The Bob Feller Act of Valor Award, created in 2013, is a set of awards originally presented annually to a member of the National Baseball Hall of Fame, a current Major League Baseball player, and a United States Navy Chief Petty Officer. In 2015, the Act of Valor Award Foundation added the Jerry Coleman Award to honor a United States Marine Corps Staff Noncommissioned Officer (SNCO), and two more Act of Valor awards for junior sailor peer-to-peer mentoring organizations. The baseball recipients are honored for their support of United States servicemen and women; the military awardees are honored for achievement that represents the character of Bob Feller. The Award is presented by the Bob Feller Act of Valor Award Foundation in conjunction with Major League Baseball, the National Baseball Hall of Fame and Museum, the Cleveland Guardians, and with the support of the United States Navy and Marine Corps.

== Background ==
The award is named for Bob Feller, who put his baseball career on hold and became the first American professional athlete to enlist in the armed forces, volunteering for combat service in the United States Navy the day after the attack on Pearl Harbor. Feller was inducted into the National Baseball Hall of Fame in 1962, his first time on the ballot. When asked, "What is the most important game you ever won?", he would answer "World War II". He took great pride in his time in the military, and never once regretted placing service to his country before himself. "I didn’t worry about losing my baseball career. We needed to win the war. I wanted to do my part." Feller wanted to be remembered as, "An American, who happened to be a ballplayer". Despite losing almost four full seasons to wartime service, Feller had an impressive baseball career and was elected to the Hall of Fame in 1962. He and Jackie Robinson were elected in their first year of eligibility, the first players to be so honored since the inaugural class of 1936. Feller died in 2010.

== History ==
Peter Fertig conceived the award. He wrote letters to the National Baseball Hall of Fame and Museum, Major League Baseball, the Cleveland Indians, and the , and said that "within six weeks, I had everybody's support". He garnered support from the business community in Cleveland, as well as Feller's widow Anne Feller. Then he worked with Islip, New York, councilman John Cochrane in drafting a proposal. Rear Admiral Michael Jabaley of the United States Navy helped mentor Peter with gaining official support from the United States Navy. It became an official Navy award on Memorial Day, 2013.
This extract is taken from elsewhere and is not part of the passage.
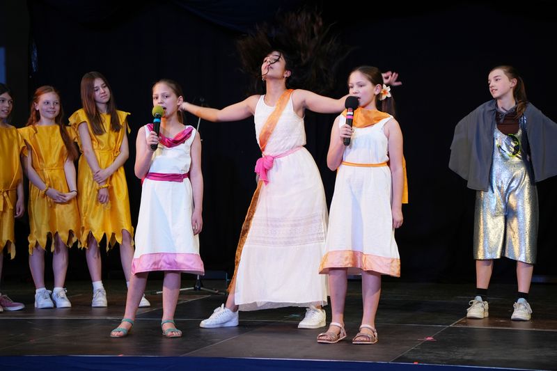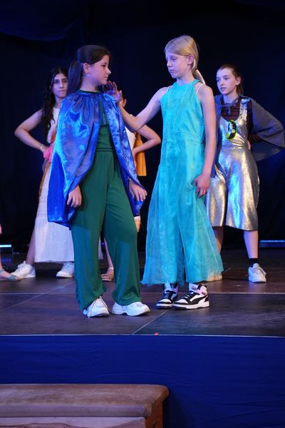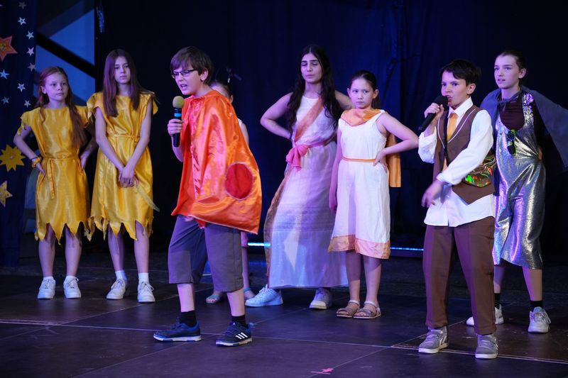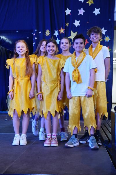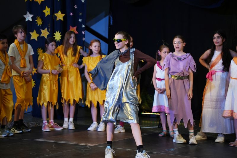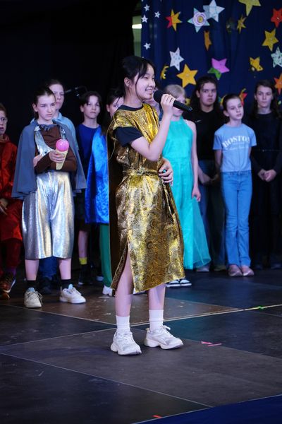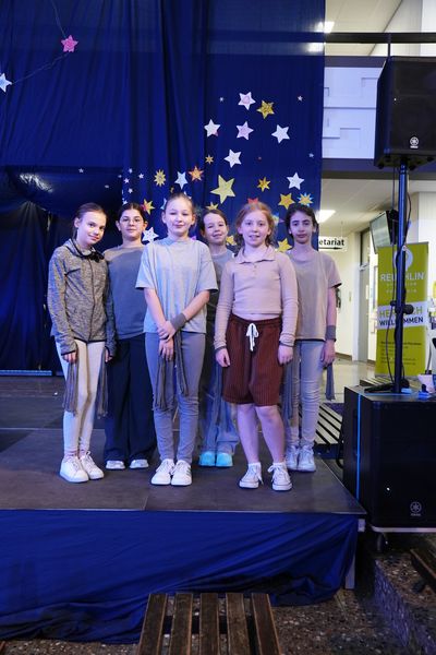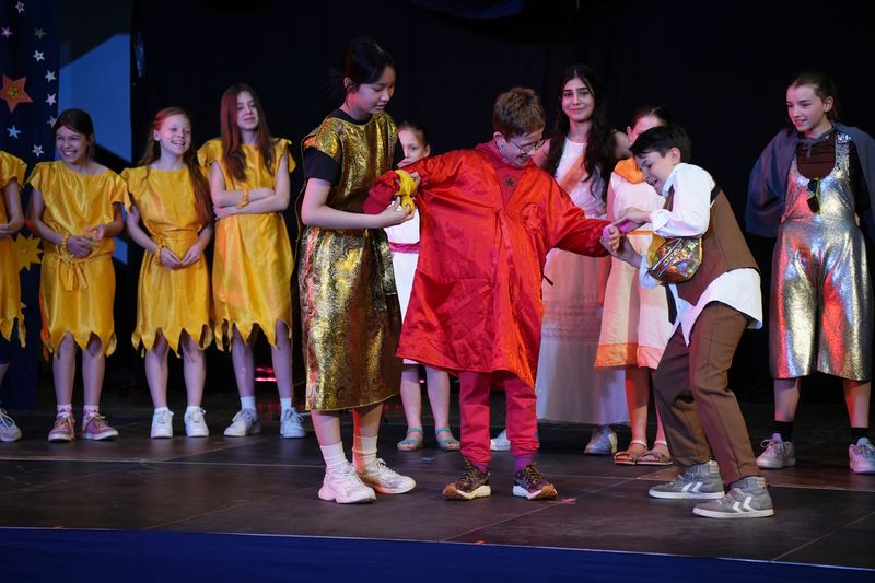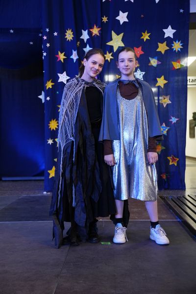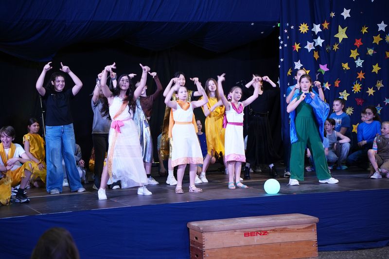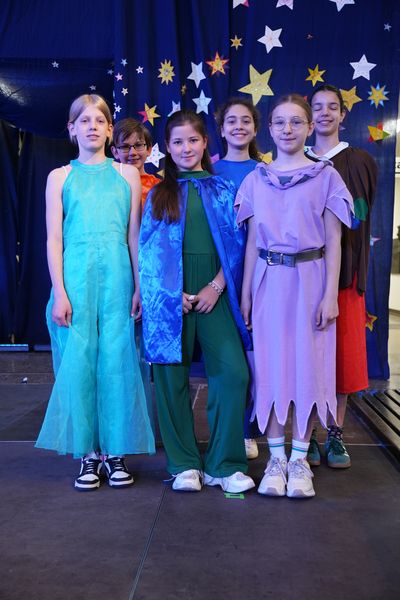 Ab März begann die heiße Phase der Produktion: Die Kostüme, für deren Gestaltung Silke Burton mit viel Kreativität und Liebe zum Detail verantwortlich war, wurden fertiggestellt. Gleichzeitig entstand ein aufwendiges Bühnenbild mit selbst gebastelten Sternen. Es wurde gesungen, getanzt, Texte gelernt, Szenen geprobt, ein Rap geschrieben und ein von Viana Ecer (6a) eigens entwickelter Tanz einstudiert. Parallel dazu probten die Gesangssolistinnen und -solisten. In der Woche vor den Aufführungen wurde täglich bis in den Abend hinein geprobt, der letzte Feinschliff gesetzt und mit viel Energie an Details gefeilt. In dieser Phase kam auch das Technikteam unter der Leitung von Herrn Binder dazu, das mit großem Einsatz, viel Herzblut und technischer Präzision für den Ton und das passende Licht sorgte.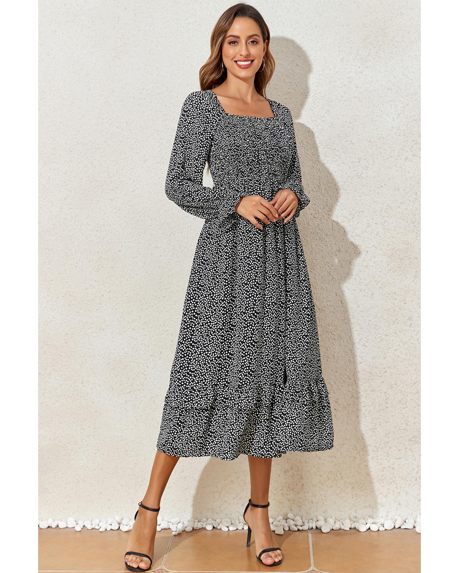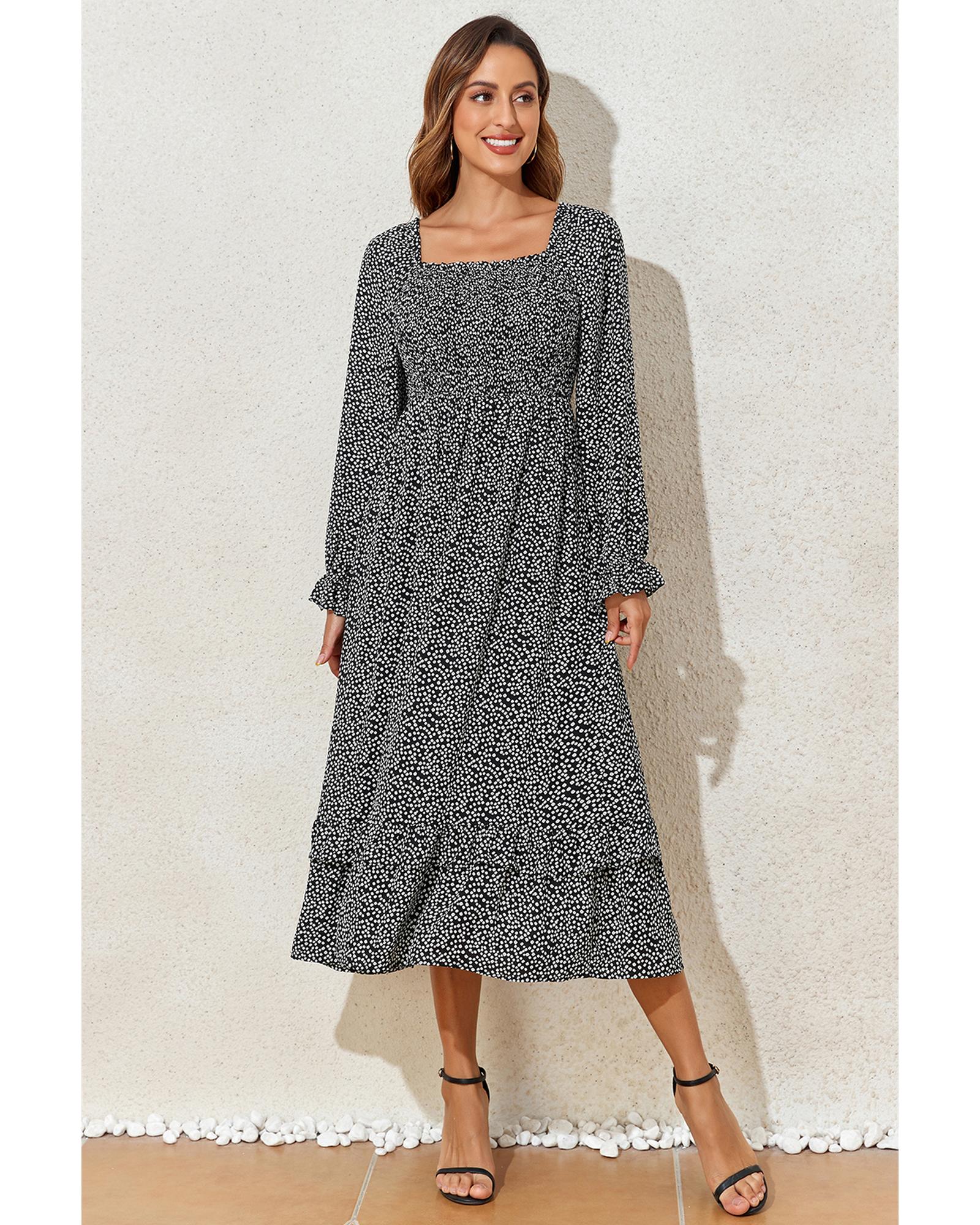 - Black floral printed long sleeve square neck midi dress

In 2013, its inaugural year, three awards were given to represent Bob Feller's life as an MLB player, a U.S. Navy Chief Petty Officer, and a National Baseball Hall of Famer. The award also recognized 37 Hall of Fame players, owners, umpires, and broadcasters that served during World War II. Three MLB finalists were named by the award's board of directors, three Navy Chief Petty Officer finalists were selected by the U.S. Navy, and the board of directors selected the Hall of Famer. The announcement of the award took place at the Hall of Fame ceremony on May 25, followed by a presentation to the finalists on July 6, and a selection of the winners on Veterans Day. The awards were presented at the United States Navy Memorial in Washington, D.C.

=== Jerry Coleman Award ===
On July 28, 2015, the Bob Feller Act of Valor Award Foundation announced that it would present the Jerry Coleman Award to honor a Marine Staff Noncommissioned Officer (SNCO) who "possesses outstanding leadership and unyielding support for the United States Marine Corps and the United States of America". As the 75th Secretary of the Navy, the honorable Ray Mabus made the recommendation for the award to the board of directors, explaining that as Secretary of the Navy, he is responsible for the entire Naval community which includes the United States Marine Corps. The award is named after Jerry Coleman, awarded MLB Rookie of the Year (1949), All-Star (1950), and World Series MVP (1950), all with the New York Yankees. Coleman was also a longtime broadcaster for the San Diego Padres and was honored with the Ford C. Frick Award, presented by the National Baseball Hall of Fame. Coleman served in the United States Marine Corps in World War II and Korea.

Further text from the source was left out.